§ **Exercise goal**
Your task is to give the records again exactly. Leave each picture out.

★ ★ ★

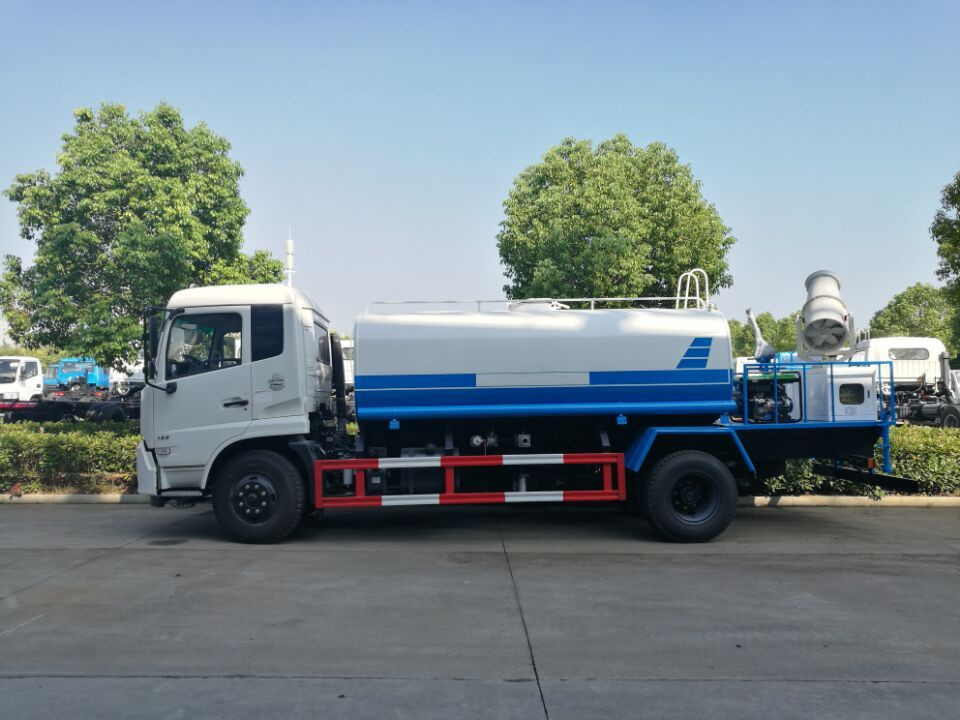 上装配置:采用4毫米厚度优质武钢碳钢材料,方圆型罐体,罐体公告容积:7.35方,实际容积8.3方。罐体一次性卷压成型,自动埋弧焊焊接,选用全国排名第一的随州亿丰泵,带前冲后洒,后高炮带工作平台,洒水炮可360°旋转。高炮可调节为柱状、雾状、毛毛雨状,最大扬程28米以上、侧喷功能,前冲工作范围12米以上,侧喷工作范围6米以上,可自吸自排,自吸高度7米以上,洒水车电音乐提示行人, 高音喇叭,洒水均匀,冲击力强劲,路面覆盖率高,作业效率高。配备抑尘车专用雾炮。
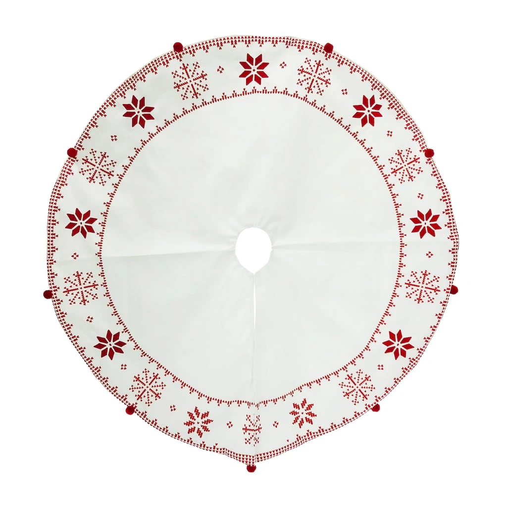 This charming Christmas tree skirt, featuring a Fair Isle style design, is a fantastic way to complete your holiday decorating. Wrap around the bottom of your tree to add extra cheer to your home for the season.
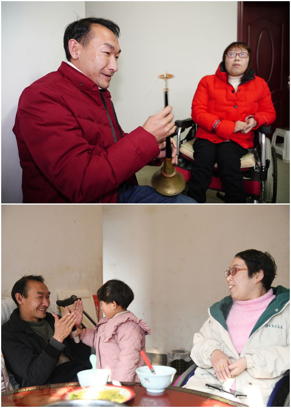 这是一张拼版照片,上图为:2019年1月6日,牟文贵(左)在家为妻子吹奏唢呐(新华社记者邵瑞摄);下图为:2024年12月29日,牟文贵(左一)在家与女儿玩耍(新华社记者张博文摄)。
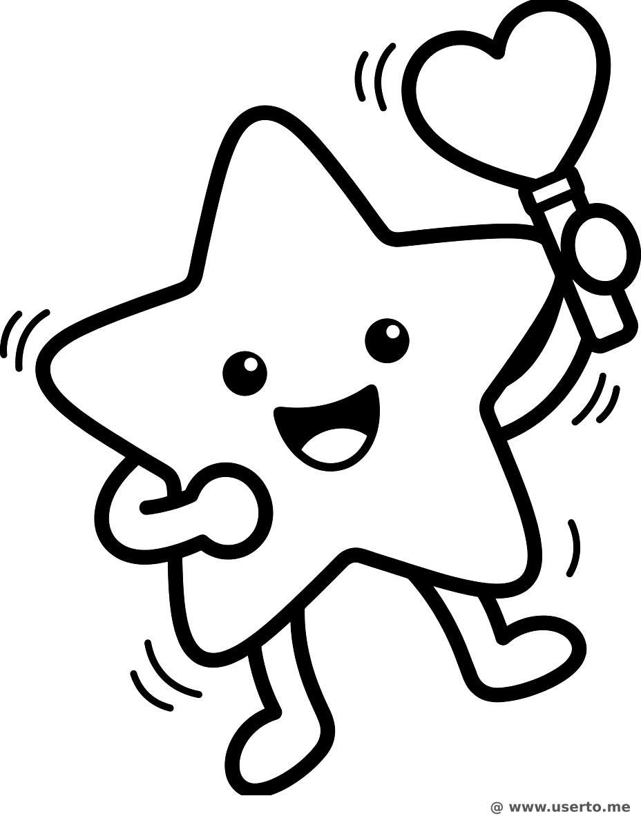 A friendly star dancing and holding a glowing heart-shaped lightstick.
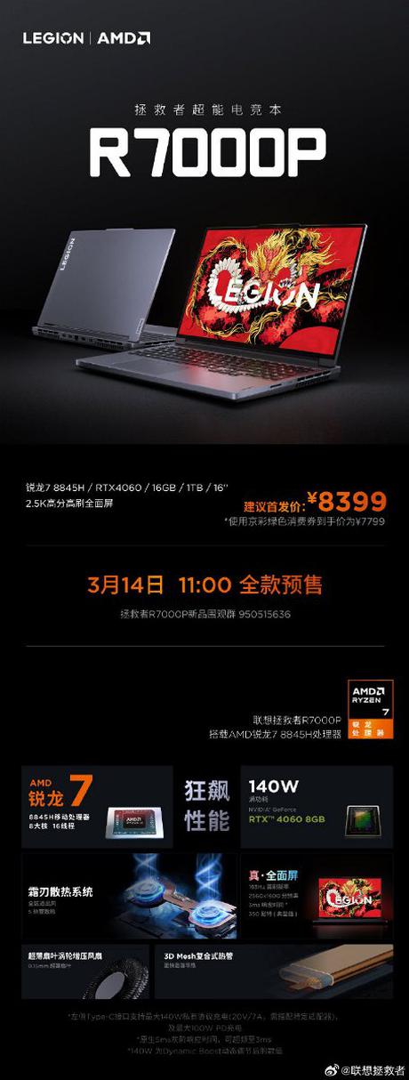 Lenovo wprowadziło na chiński rynek nowy laptop do gier Legion R7000P 2024.
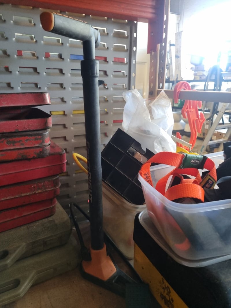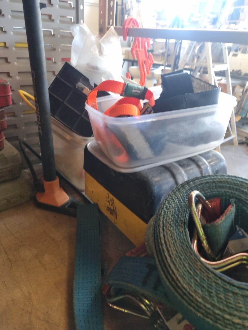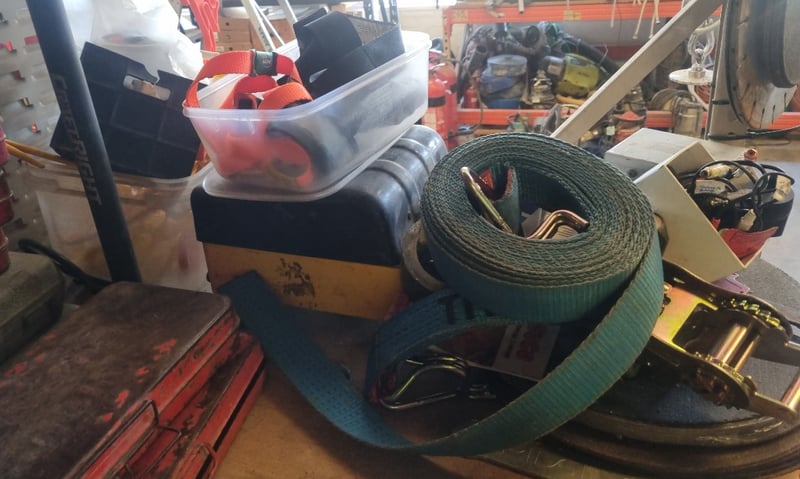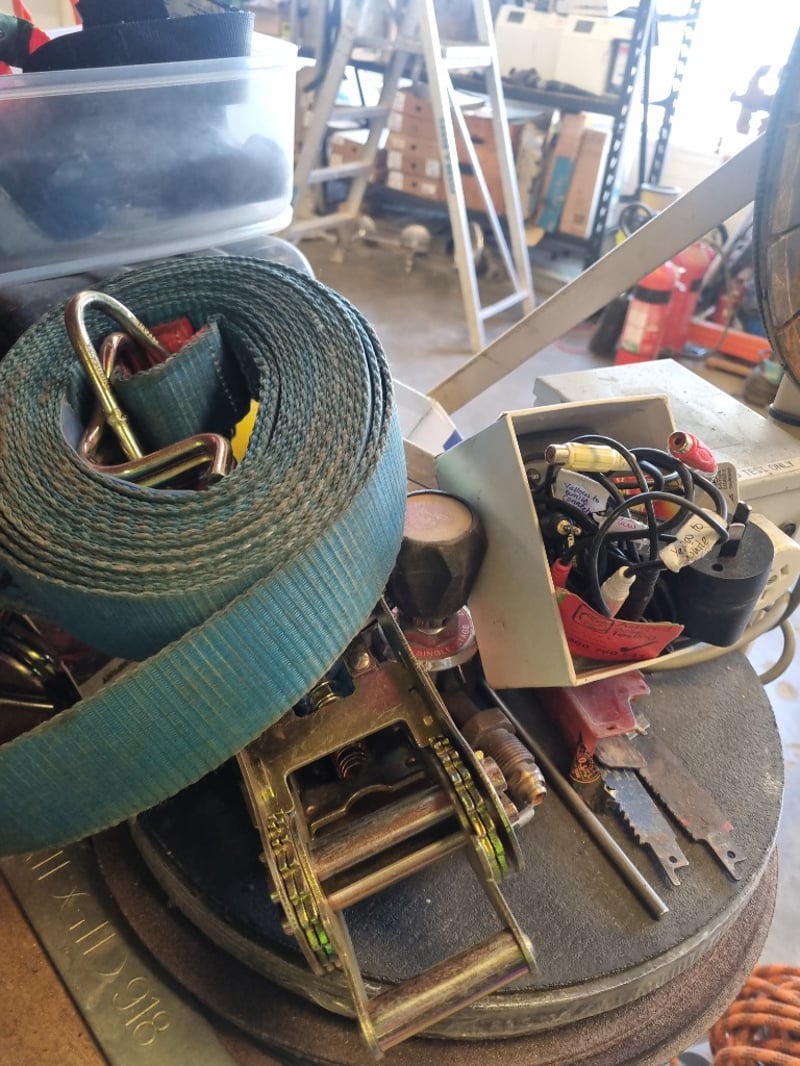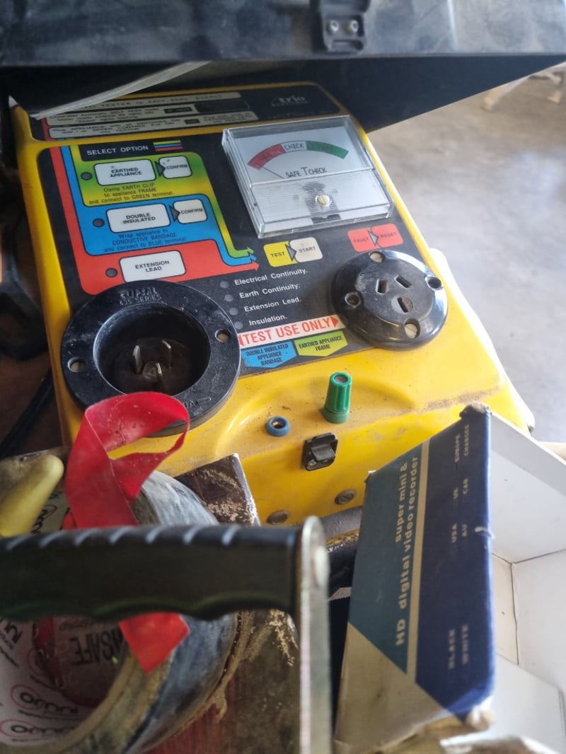 Industrial and electrical safety equipment and tools. Includes green polyester ratchet straps, red safety harnesses and straps, orange and red work gloves, black work boots, portable electrical continuity and insulation tester (yellow casing, "Safe Tester" model with multi-function capabilities including earth continuity, extension lead, and insulation testing), various electrical connectors and male connectors in sealed packaging, extension cords with red RCA connectors, hand tools, storage containers with assorted fasteners and hardware.
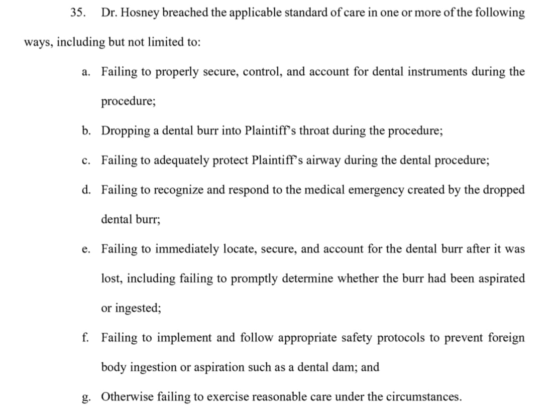 The lawsuit states, “Hosney negligently dropped a 2.5-centimeter dental burr into [Plaintiff’s] throat, which she inadvertently swallowed and/or aspirated while laying in a supine position with her mouth open. Following the swallowing and/or aspiration of the dental burr, Dr. Hosney failed to immediately locate, retrieve, or account for the foreign object, and failed to initiate appropriate emergency protocols to confirm its location or otherwise prevent further injury.”
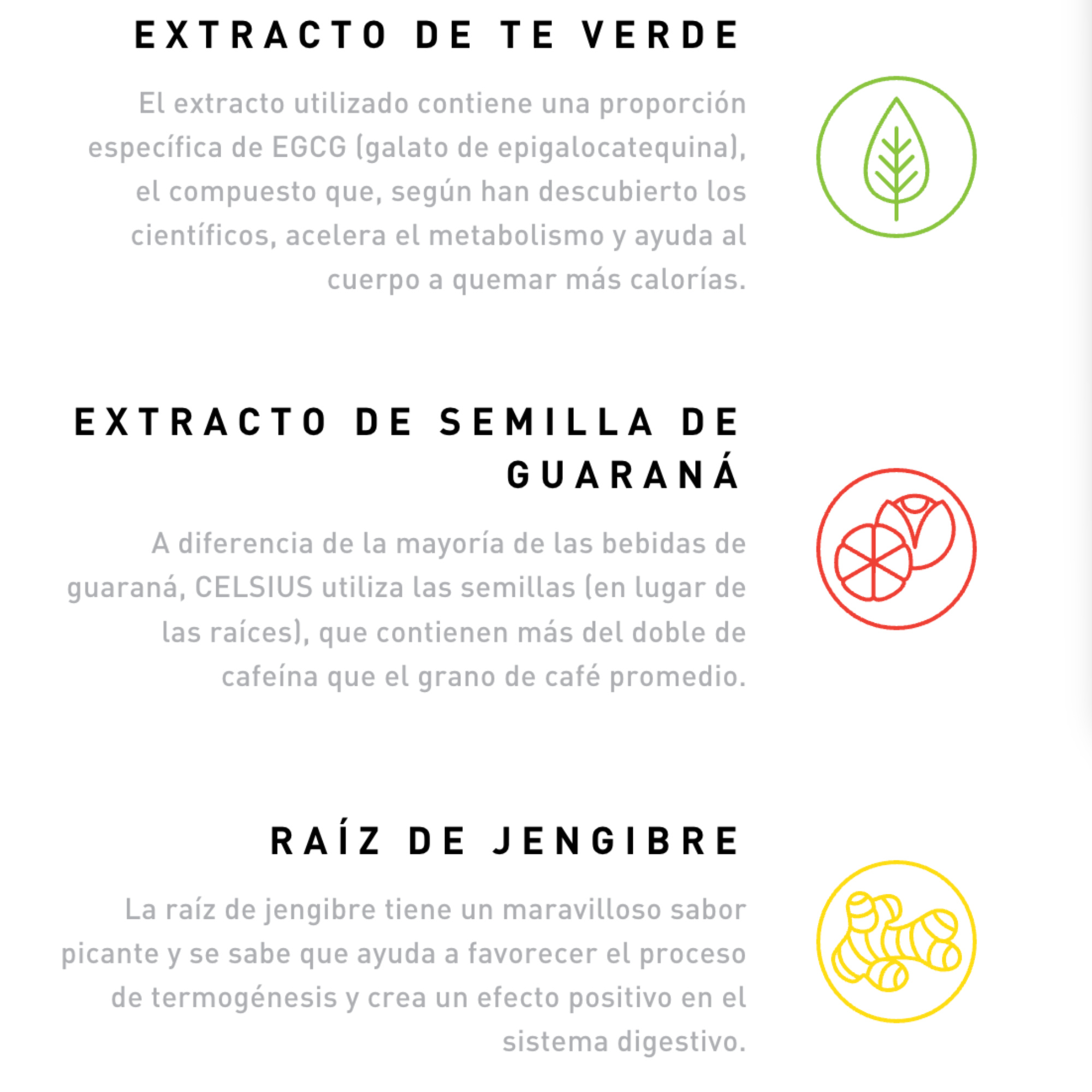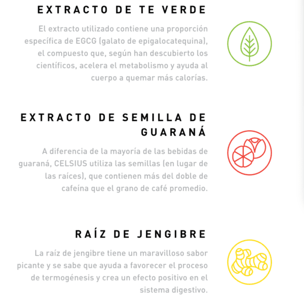 Nuestro objetivo es inspirar a aquellos que quieren vivir en forma dándoles una fuente de energía sostenida que está especialmente formulada para trabajar con tu cuerpo y ayudarte a alcanzar tus objetivos. Apoyamos a aquellos que trabajan horas extras en todo lo que hacen y nunca toman atajos. Podemos pasar el juego adicional, empujamos a través del último sprint y nos apresuramos a través del día de trabajo. CELSIUS destaca contra otras marcas porque está hecho con ingredientes más saludables como jengibre, guaraná, té verde y 7 vitaminas esenciales. Nuestras bebidas no contienen azúcar, aspartamo, jarabe de maíz con alto contenido de fructosa y no contienen conservantes, colores o sabores artificiales. CELSIUS está certificado sin gluten, kosher y sin OMG.

★ ★ ★

§ **Task result**
 上装配置:采用4毫米厚度优质武钢碳钢材料,方圆型罐体,罐体公告容积:7.35方,实际容积8.3方。罐体一次性卷压成型,自动埋弧焊焊接,选用全国排名第一的随州亿丰泵,带前冲后洒,后高炮带工作平台,洒水炮可360°旋转。高炮可调节为柱状、雾状、毛毛雨状,最大扬程28米以上、侧喷功能,前冲工作范围12米以上,侧喷工作范围6米以上,可自吸自排,自吸高度7米以上,洒水车电音乐提示行人, 高音喇叭,洒水均匀,冲击力强劲,路面覆盖率高,作业效率高。配备抑尘车专用雾炮。
 This charming Christmas tree skirt, featuring a Fair Isle style design, is a fantastic way to complete your holiday decorating. Wrap around the bottom of your tree to add extra cheer to your home for the season.
 这是一张拼版照片,上图为:2019年1月6日,牟文贵(左)在家为妻子吹奏唢呐(新华社记者邵瑞摄);下图为:2024年12月29日,牟文贵(左一)在家与女儿玩耍(新华社记者张博文摄)。
 A friendly star dancing and holding a glowing heart-shaped lightstick.
 Lenovo wprowadziło na chiński rynek nowy laptop do gier Legion R7000P 2024.
 Industrial and electrical safety equipment and tools. Includes green polyester ratchet straps, red safety harnesses and straps, orange and red work gloves, black work boots, portable electrical continuity and insulation tester (yellow casing, "Safe Tester" model with multi-function capabilities including earth continuity, extension lead, and insulation testing), various electrical connectors and male connectors in sealed packaging, extension cords with red RCA connectors, hand tools, storage containers with assorted fasteners and hardware.
 The lawsuit states, “Hosney negligently dropped a 2.5-centimeter dental burr into [Plaintiff’s] throat, which she inadvertently swallowed and/or aspirated while laying in a supine position with her mouth open. Following the swallowing and/or aspiration of the dental burr, Dr. Hosney failed to immediately locate, retrieve, or account for the foreign object, and failed to initiate appropriate emergency protocols to confirm its location or otherwise prevent further injury.”
 Nuestro objetivo es inspirar a aquellos que quieren vivir en forma dándoles una fuente de energía sostenida que está especialmente formulada para trabajar con tu cuerpo y ayudarte a alcanzar tus objetivos. Apoyamos a aquellos que trabajan horas extras en todo lo que hacen y nunca toman atajos. Podemos pasar el juego adicional, empujamos a través del último sprint y nos apresuramos a través del día de trabajo. CELSIUS destaca contra otras marcas porque está hecho con ingredientes más saludables como jengibre, guaraná, té verde y 7 vitaminas esenciales. Nuestras bebidas no contienen azúcar, aspartamo, jarabe de maíz con alto contenido de fructosa y no contienen conservantes, colores o sabores artificiales. CELSIUS está certificado sin gluten, kosher y sin OMG.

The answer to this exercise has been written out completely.